■ Data extracts:
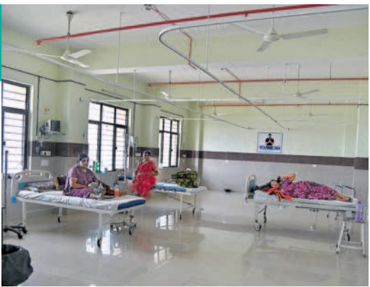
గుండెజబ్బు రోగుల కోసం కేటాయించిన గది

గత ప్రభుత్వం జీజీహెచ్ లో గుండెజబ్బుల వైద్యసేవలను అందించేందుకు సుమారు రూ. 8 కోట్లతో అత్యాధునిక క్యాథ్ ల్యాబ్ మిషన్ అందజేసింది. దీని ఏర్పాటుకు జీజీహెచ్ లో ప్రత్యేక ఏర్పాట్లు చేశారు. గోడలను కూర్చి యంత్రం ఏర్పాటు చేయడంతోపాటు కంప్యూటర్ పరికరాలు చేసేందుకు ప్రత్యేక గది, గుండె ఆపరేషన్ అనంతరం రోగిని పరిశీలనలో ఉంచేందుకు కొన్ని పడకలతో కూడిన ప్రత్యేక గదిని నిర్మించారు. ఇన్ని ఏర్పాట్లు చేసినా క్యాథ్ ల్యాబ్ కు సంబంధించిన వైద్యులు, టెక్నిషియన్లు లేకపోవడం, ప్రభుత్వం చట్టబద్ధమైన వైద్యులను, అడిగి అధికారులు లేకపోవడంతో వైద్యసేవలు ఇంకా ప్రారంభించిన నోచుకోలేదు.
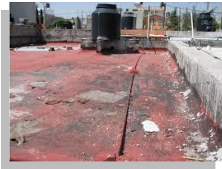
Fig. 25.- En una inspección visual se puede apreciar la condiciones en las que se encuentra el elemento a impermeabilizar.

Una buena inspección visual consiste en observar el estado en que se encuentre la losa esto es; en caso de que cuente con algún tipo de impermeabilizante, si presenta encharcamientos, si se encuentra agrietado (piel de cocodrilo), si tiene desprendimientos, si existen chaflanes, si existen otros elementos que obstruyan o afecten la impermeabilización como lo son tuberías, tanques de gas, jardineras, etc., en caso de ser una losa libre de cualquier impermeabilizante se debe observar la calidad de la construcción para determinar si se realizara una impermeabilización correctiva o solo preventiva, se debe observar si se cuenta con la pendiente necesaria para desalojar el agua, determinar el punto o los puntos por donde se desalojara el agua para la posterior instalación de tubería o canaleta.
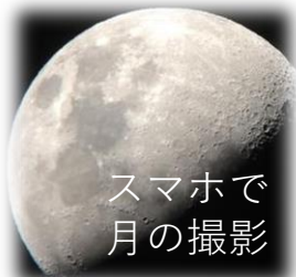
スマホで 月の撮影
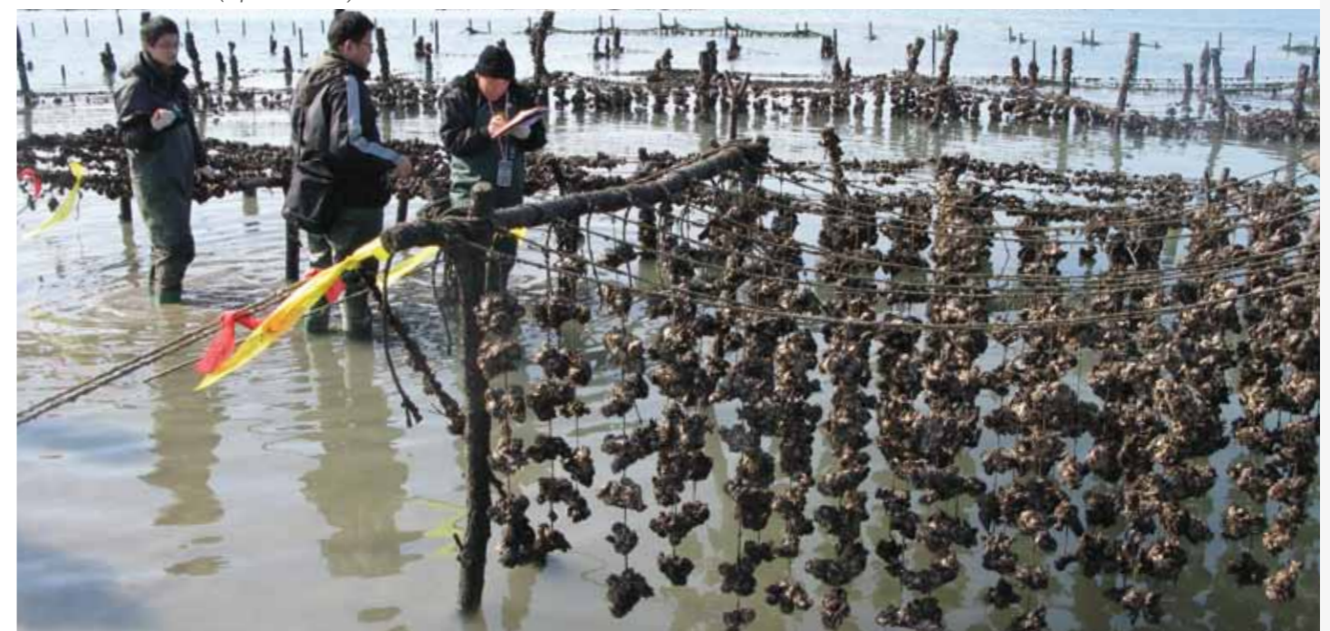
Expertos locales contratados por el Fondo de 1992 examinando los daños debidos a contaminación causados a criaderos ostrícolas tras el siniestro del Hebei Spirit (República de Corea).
---
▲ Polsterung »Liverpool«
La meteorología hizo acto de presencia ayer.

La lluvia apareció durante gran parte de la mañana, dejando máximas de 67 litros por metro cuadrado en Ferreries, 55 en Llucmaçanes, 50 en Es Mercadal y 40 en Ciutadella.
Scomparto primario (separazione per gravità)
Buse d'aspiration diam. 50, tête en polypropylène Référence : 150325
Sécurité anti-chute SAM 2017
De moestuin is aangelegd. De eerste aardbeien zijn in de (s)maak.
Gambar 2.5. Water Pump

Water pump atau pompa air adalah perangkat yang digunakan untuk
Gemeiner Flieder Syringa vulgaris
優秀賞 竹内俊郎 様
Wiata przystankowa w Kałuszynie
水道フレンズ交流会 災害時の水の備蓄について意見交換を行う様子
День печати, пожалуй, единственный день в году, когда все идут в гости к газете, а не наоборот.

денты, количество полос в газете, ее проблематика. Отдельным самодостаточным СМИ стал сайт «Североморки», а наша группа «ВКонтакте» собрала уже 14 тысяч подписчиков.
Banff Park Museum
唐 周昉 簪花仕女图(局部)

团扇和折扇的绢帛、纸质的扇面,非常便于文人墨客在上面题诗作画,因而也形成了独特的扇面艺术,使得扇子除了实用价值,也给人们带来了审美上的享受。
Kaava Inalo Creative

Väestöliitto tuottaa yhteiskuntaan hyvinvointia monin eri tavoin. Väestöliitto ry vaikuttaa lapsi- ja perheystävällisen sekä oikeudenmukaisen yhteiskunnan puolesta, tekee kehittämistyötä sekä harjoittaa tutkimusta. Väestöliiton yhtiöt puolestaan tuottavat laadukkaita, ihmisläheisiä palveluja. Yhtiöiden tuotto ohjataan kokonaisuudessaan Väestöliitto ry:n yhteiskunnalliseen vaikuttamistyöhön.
---
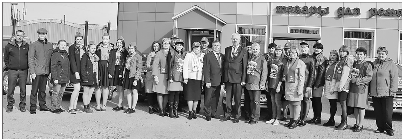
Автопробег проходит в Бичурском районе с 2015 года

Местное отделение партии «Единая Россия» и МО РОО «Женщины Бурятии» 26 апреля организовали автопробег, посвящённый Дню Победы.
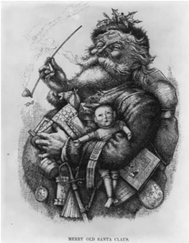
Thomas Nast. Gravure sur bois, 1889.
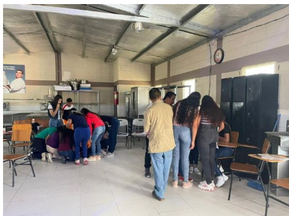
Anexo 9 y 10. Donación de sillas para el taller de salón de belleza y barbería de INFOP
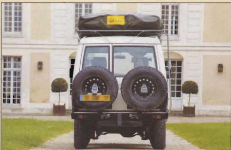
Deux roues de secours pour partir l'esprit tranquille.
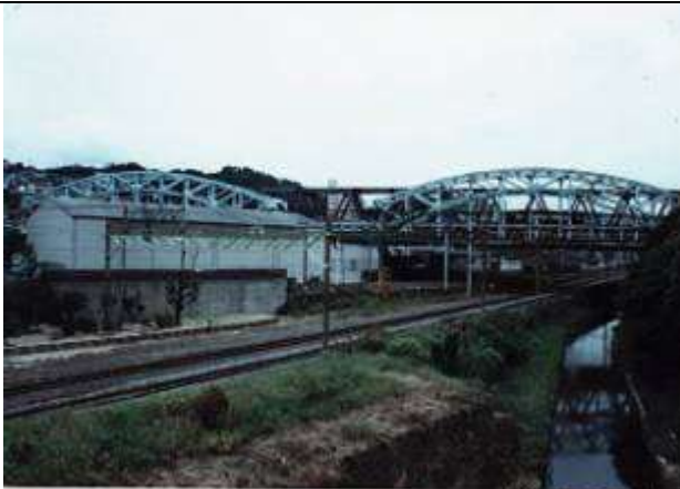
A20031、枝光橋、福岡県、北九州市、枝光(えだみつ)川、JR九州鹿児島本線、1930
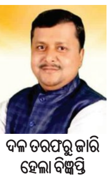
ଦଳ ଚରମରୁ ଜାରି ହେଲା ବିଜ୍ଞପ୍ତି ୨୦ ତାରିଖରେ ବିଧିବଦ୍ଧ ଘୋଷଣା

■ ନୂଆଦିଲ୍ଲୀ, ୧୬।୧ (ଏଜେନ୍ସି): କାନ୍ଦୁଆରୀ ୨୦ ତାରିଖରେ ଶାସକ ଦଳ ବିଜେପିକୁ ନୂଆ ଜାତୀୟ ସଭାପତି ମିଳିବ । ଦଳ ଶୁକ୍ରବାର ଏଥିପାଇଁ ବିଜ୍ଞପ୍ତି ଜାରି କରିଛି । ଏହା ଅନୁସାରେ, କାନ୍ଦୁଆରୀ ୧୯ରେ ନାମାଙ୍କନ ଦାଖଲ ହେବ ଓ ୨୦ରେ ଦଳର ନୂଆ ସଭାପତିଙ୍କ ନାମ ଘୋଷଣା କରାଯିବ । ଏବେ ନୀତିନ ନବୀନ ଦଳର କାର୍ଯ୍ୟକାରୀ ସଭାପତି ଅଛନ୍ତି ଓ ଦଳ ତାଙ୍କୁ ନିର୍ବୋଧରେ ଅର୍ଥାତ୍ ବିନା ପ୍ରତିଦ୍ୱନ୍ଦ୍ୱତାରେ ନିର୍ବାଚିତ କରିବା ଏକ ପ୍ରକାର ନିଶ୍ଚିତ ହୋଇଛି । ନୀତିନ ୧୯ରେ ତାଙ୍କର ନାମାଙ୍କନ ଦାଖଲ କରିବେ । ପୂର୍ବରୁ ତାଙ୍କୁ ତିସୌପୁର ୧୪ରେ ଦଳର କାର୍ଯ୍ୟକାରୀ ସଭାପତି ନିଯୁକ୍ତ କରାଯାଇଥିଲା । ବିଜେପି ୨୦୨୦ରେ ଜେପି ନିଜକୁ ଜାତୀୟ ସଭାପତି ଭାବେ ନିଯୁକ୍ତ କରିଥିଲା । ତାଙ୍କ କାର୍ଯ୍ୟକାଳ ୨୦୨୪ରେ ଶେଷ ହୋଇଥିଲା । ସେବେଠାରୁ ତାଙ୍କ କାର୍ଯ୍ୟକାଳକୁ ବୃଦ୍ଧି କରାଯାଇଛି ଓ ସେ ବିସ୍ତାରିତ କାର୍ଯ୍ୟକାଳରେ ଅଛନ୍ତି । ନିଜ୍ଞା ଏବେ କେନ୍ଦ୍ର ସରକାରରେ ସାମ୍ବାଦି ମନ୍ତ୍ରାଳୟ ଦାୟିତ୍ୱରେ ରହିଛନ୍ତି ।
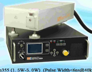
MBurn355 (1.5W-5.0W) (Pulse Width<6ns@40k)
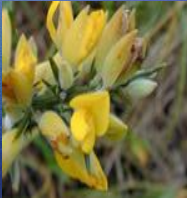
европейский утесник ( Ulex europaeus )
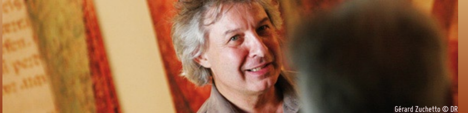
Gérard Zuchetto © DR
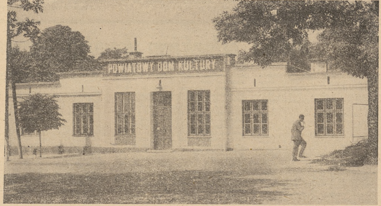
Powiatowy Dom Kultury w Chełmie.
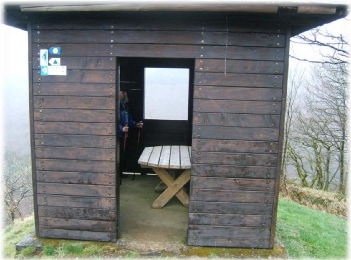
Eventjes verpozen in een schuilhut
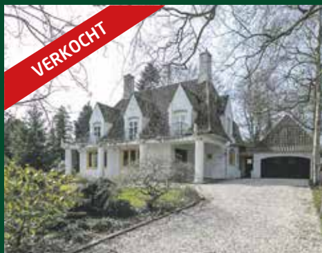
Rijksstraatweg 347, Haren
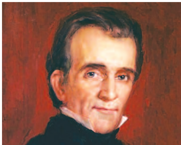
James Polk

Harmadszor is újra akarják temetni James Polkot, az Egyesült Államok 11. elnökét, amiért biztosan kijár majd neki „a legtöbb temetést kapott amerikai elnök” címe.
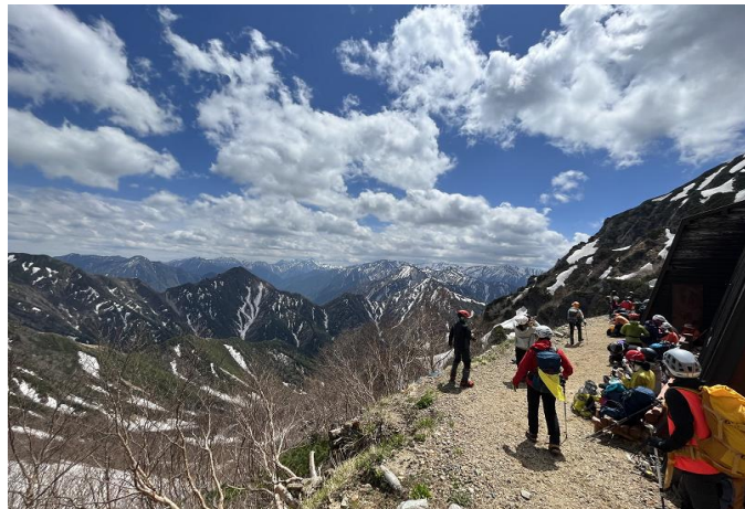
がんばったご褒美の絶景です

■ Exercise brief: Working from the entries above, reproduce exactly and only the lines beginning with the line that has "Eventjes verpozen in een schuilhut" and ending with the line that has "がんばったご褒美の絶景です"; omit all pictures.

■ Finished task:
Eventjes verpozen in een schuilhut
Rijksstraatweg 347, Haren
James Polk

Harmadszor is újra akarják temetni James Polkot, az Egyesült Államok 11. elnökét, amiért biztosan kijár majd neki „a legtöbb temetést kapott amerikai elnök” címe.
がんばったご褒美の絶景です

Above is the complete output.